Czołg T34/85 RUDY 102 (UM)



Ta strona dotyczy starego modelu sprzed wielu lat. Usunąłem kilka rzeczy, które z czasem uznałem za wady i dodałem nową galerię.
Po pierwsze, dosyć nieudolne malowanie orzełka i niektórych napisów zastąpiłem kalkomaniami marki Toro. Co prawda nie były to typowe kalki pod T34/85, ale numer dało się „spreparować” z różnych napisów, a orzełka dobrać w miarę adekwatnym rozmiarze. Polecam przy kalkomaniach Toro być ostrożnym, bo podobnie jak te od FtF, bardzo łatwo się rwą i wystarczy mieć lekko zwilżone wodą ręce, a kalkomania znika z modelu….
Po drugie, poprawiłem malowanie figurek.

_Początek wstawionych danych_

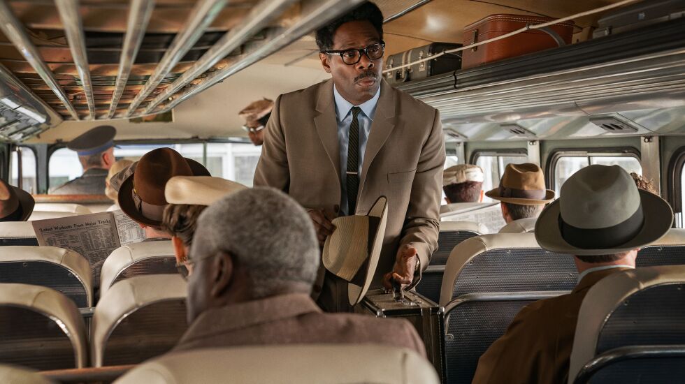 With screenwriters Julian Breece (“When They See Us”) and Dustin Lance Black (Academy Award winner for the screenplay of “Milk”) finding room for a myriad of real-life characters and a few fictitious players as well, “Rustin” has the trimmings of an epic film but appears to be working with a restricted budget, given the limitations of the crowd sequences. In fact, much of it could have worked as a stage play, as the majority of scenes take place in heated meetings, small apartments and humbly appointed organizational offices.
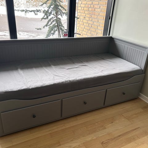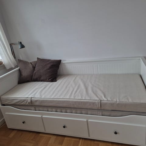 En madras kan medfølge. Man kan trække sengebunden ud,og så har man en dobbeltseng.
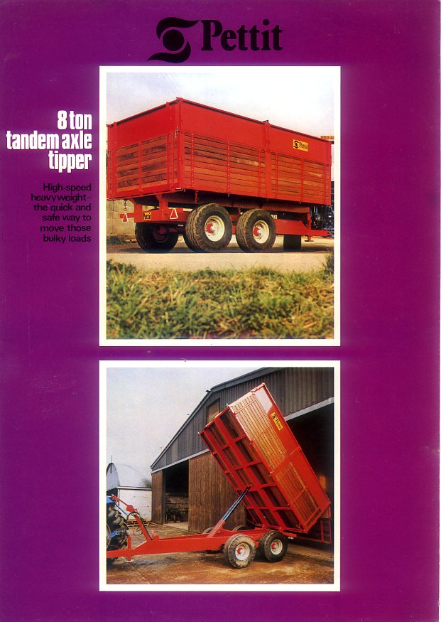 A 2 sided leaflet in excellent condition for the Pettit 8-ton tandem-axle tipper trailer, dated 1978.

Pierwotnie do modelu wykorzystałem figurki marki Italerii z zestawu piechoty radzieckiej. Jako, że chciałem podkreślić polskość żołnierzy dodałem opaski biało-czerwone na ramionach. Oczywiście opaski zniknęły, a czołgista dostał orzełka na czapce. Postacie piechurów, natomiast mają po prostu czerwone gwiazdy i uniformy armii czerwonej. Wojsko polskie z okresu drugiej wojny światowej można zobaczyć wraz z modelami  Armata przeciwpancerna WZ36 Bofors (FtF), Czołg lekki 7TP (FtF) lub Czołg rozpoznawczy TKS (FtF), natomiast postacie z „powstańczymi” opaskami dodałem do modelu Pojazd pancerny „KUBUŚ” (Mirage Hobby)
GALERIA:

T34 – ujęcie lewej strony.

T34 – ujęcie prawej strony.

T34 – przód. Moneta 1 zł dla podkreślenia skali 1:72.

T34 – tył modelu.

Rudy 102 z figurkami.



Poniżej zamieszczam opis modelu wykonanego kilka lat wcześniej (przed powyższymi poprawkami):


Model marki UM (Uni Models) w skali 1/72. Ogólne wrażenie po otworzeniu pudełka pozytywne. Plastik twardy, trudny w obróbce ale za to model składa się ze sporej ilości detali.  Gąsienice również klei się z poszczególnych części często osobnych ogniw… Myślę, że marka UM (mimo, że mało popularna w sklepach) jest bardzo ciekawą propozycją i warto tym modelom poświecić uwagę.
Model jest nieźle spasowany. Tworzywo też zadowalająco przyjmuje farbę choć mogłoby być lepiej. Plastik jest ciemnozielony, więc malowanie jakiegoś jasnego np. zimowego ubarwienia może wymagać poprawki albo dwóch ;-). Malowanie napisów czy orzełka na wieżyczce to spore wyzwanie i po kilku próbach zostawiłem jak jest… Lupa jednak by się przydała w takich sytuacjach…

Ogólne wrażenie z widoku na półce jest pozytywne. Z jednej strony symbol rodem z kultowego filmu „Czterej pancerni i pies” z drugiej biało-czerwone opaski na rękawach mundurów żołnierzy dodają charakteru zestawowi.  Tutaj małe rozczarowanie. Niestety, mimo starań, nie znalazłem figurek Polaków z czasów drugiej wojny światowej. Zaadoptowałem do tego celu zestaw „Russian infanrty” no 6057.  Figurki maluje się okej a dodatkowo dla mnie sporo zaletą zestawu jest CKM Maxim wz. 1910 …

Podsumowując: Polecam oba modele. Kosztują nie duże pieniądze a mają przyzwoitą jakość.